Recent, pe un foarte interesant blog al The Economist:

In 2007, three months after Romania entered the EU, Ms Macovei was sacked as justice minister, accused by her prime minister of failing to uphold “government solidarity”. After her dismissal, the Labour government in Britain (a member of the PES) thought so highly of her that they used British taxpayers’ money to pay for her to advise Macedonia on fighting corruption.
Now, Ms Macovei is bundled in with holocaust deniers and others holding “terrible views” by the PES.
It is worth citing her entry from the Terrible 12 dossier in full:
“Reason for inclusion
A perpetual critic of the justice reform pace in Romania after being dethroned as Minister of Justice, Mrs Macovei is a controversial person.
She uses foreign events as an opportunity to criticize her own country and to brand as corrupt opposing politicians. Macovei even said recently that Romania should not receive EU funds anymore, clearly an issue contrary to the country’s interests. She enjoys high EPP support for her positions (this political family has always been a
strong critic of Romania), being awarded a ‘Woman of Europe’ title in 2008, for supposed merits relating to justice reform in 2005-2006 (and not 2007 or 2008). The award was given by EPP MEP Rodi Kratsa-Tsagaropoulou, head of AIPFE (International Association for the Promotion of Women in Europe) and handed by Hans Gert Poettering, former EPP Group leader in the EP.”
So, she criticises her country, and the pace of reform in the Romanian justice system?

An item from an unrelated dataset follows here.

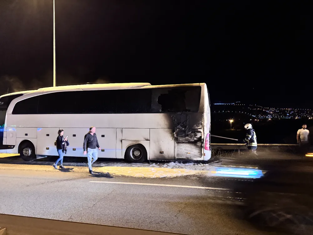 Otobüs şoförü alevleri fark edince aracı emniyet şeridine çekerek yolcuları tahliye etti.
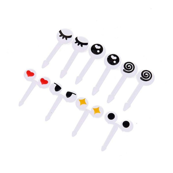 Egurs 10 Pieces Children's Cute Fruit Fork Cartoon Eyes Pattern Plastic Food Fruit Picks Lunch Box Accessories

She brands politicians as corrupt? This, according to the PES, makes her „controversial”, and her views „offensive or absurd”.
(…)
So what is going on here? The PES is an umbrella party, which includes the British Labour party and lots of wholesome social democrats from Nordic countries. Its boss, Poul Nyrup Rasmussen, is a former Danish prime minister and a thoroughly decent chap.
But the PES also contains socialists from countries like Romania who are the former communist elite dressed up in new clothes. That has always been an uncomfortable problem for the pan-European party. During the Cold War, some of its western European members were brave supporters of dissidents and underground trade unions in the east. Its eastern European members include ex-secret policemen, communist apparatchiks and party bosses, who spent their Cold War repressing dissidents with great savagery.
This attack on Monica Macovei reads—not least because of the stilted apparatchikese in which it is written—as if it were dictated by Romania’s socialists. They certainly do not like Ms Macovei: after all, she tried to prosecute several of them, starting with Mr Nastase.
But the website belongs to the PES headquarters. So they have ended up bundling a brave reformer and fighter against crippling corruption with a British racist, as one of the 12 worst candidates for the European Parliament.
What on earth were they thinking?
PS from May 30th
It occurs to me, on reflection, that the PES indictment of Ms Macovei reminds me of a secret police file on a dissident: that anger at someone using „foreign events to criticize her own country”, and the careful catalogue of her awards from hostile foreign parties. Of course, this is a style that must come easily to many members of the Romanian ruling classes, as many of them either admit working for the Securitate, one of the communist world’s nastiest secret police forces, or have been exposed as informers for it.